Two examples probably isn't enough to call it "established practice", but it's two big examples at least: Both Google and Twitter use none. Or, if you want to see it this way, their modifier key for navigation is G.

To go to your Twitter "favorites" page, you hit G, then F. To go to your gmail drafts folder, hit G then D.

Non-navigation shortcuts also use simple letters; e.g. J for moving forward in a list (tweets, emails, etc.), K for moving backwards.*

* In my book, this is absolutely wrong. To me, "J" being to the left of "K" means "J" should be "previous" and "K" should be "next". However, doing it the other ways around seems to be the standard.

Neither of the two use a "real" modifier key at all. We're also starting to look at keyboard shortcuts for the Stack Exchange sites, and we're likely to do the same thing. Two more reasons I see for not using a modifier key at all:


Less likely to trip over something that's already in use. Any combination of Ctrl, Alt, Meta, Command, Shift with a letter is probably already taken by some operating system, window manager, browser, browser plugin, or Greasemonkey script. Letter-only? Not so much.
Easier to use. "Press Ctrl-Alt-Q to open the Foo tab, then Meta-Shift-F12 for execute the Bar action" – that doesn't make my life easier/faster, which is whole purpose of keyboard shortcuts.
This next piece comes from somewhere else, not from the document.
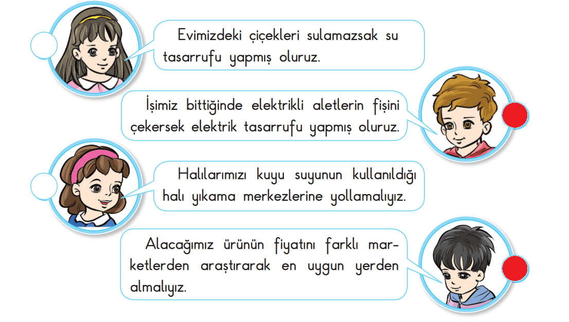 1. Aşağıdaki çocuklardan, kaynakların tasarruflu kullanımı ile ilgili doğru önerilerde bulunanların yanındaki kutucuğu boyayınız.

On the other hand, here are two caveats to consider:


You'll obviously have to ignore the keystrokes when they happen while the user is typing in a text box. This isn't a technical problem, but it means that the user can't use the shortcuts then.

If, say, your page auto-focuses the search box, or your web app is very text entry heavy, this may pose an issue.
You may want to think about enabling/disabling. Keyboard shortcuts are a power user feature; a "normal" user may be surprised when they accidentally trigger a keyboard shortcut (obviously a modifier key would make this less likely).
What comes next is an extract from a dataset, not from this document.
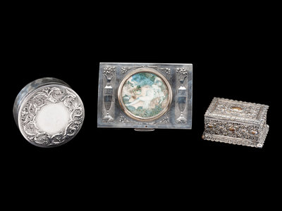 the lid centered by a painted roundel depicting a reclining nude set within an 18-karat gold frame, together with a Continental silver box and a silver-plate article.

Gmail for example has keyboard shortcuts turned off by default, with the exception of ? which (naturally) shows the keyboard shortcut help – including a link to enable/disable shortcuts. I think keyboard shortcuts are an area where you can say it's okay to make it a setting (user preferences is something we generally try to avoid on the Stack Exchange sites), and Google's solution for this seems nice for this.

But "off by default" obviously does hide discoverability, which may or may not be an issue.


– but all things considered, "no modifier key" at all seems like a good solution to me.